3. Wokeness has not just infected the faculty of certain academic departments; the UTK administration has been infected.[1]  In an incident that attracted national attention, at least in higher education circles, UTK embraced the so-called “cancel culture,” succumbing to the identity politics lynch mob to punish a hapless student without due process. A high school student and competitive cheerleader from Leesburg, Virginia, Mimi Groves, had applied to and been accepted at UTK, and had made the top-ranked UTK cheerleading team, when a spiteful high school classmate released a three-second Snapchat video (made in 2016, when Groves was 15) in which Groves uttered a racially-sensitive term while announcing that she had passed her driving test.

Groves’ vindictive classmate—a person of color–admitted that he had been holding the video for years to release when it would do the greatest damage to Groves. It worked. “I taught her a lesson,” he bragged.

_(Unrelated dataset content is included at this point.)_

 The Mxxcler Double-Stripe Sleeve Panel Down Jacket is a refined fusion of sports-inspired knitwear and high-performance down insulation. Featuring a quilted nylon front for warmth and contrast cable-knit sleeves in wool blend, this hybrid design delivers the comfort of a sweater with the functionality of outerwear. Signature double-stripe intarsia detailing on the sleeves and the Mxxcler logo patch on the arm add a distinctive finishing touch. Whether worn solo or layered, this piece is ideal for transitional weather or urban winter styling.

UTK ignominiously withdrew Groves’ acceptance and kicked her off the cheerleading team based on a years’-old youthful indiscretion. As one news report summarized: “The University of Tennessee’s cheerleading squad is the reigning national champion — making the teen’s penance for uttering the racial slur all the more devastating to her.” According to news reports, “Groves is now studying at a local community college.” All based on a three-second social media gaffe made years ago. This sickening display of political correctness, reported in the New York Times, should make all Tennesseans furious. 

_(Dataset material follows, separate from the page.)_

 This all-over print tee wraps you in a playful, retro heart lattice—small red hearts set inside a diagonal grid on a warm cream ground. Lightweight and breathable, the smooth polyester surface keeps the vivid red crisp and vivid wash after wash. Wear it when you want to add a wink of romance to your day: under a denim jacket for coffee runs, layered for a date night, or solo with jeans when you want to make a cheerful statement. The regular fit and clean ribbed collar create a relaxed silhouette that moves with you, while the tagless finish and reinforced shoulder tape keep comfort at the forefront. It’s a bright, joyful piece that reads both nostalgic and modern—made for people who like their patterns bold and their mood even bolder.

4. It gets worse. An organization will reflect the personality of the people running it. This is the inspiration for the expression “Personnel is policy.” Without responsible adult supervision by non-woke grown-ups, higher education resembles a high school class with a substitute teacher: chaos, spit balls, and misbehavior ensue. When college athletes on scholarships start acting like SJWs, with the approval of their coaches, you know things have gotten out of control. Earlier this year, UTK’s women’s basketball team took a knee during the national anthem (with the support of their coach). ESPN quoted coach Kellie Harper:  “It’s been hard to watch things on television, and know where things are in the world,” Harper said of events such as Wednesday’s storming of the Capitol in Washington. “But hopefully we can help be the change, maybe a positive light.” The problem starts at the top. Randy Boyd is President of UTK, and Donde Plowman is Chancellor. (Plowman got her doctorate at the other UT.)[2] Time for new leadership.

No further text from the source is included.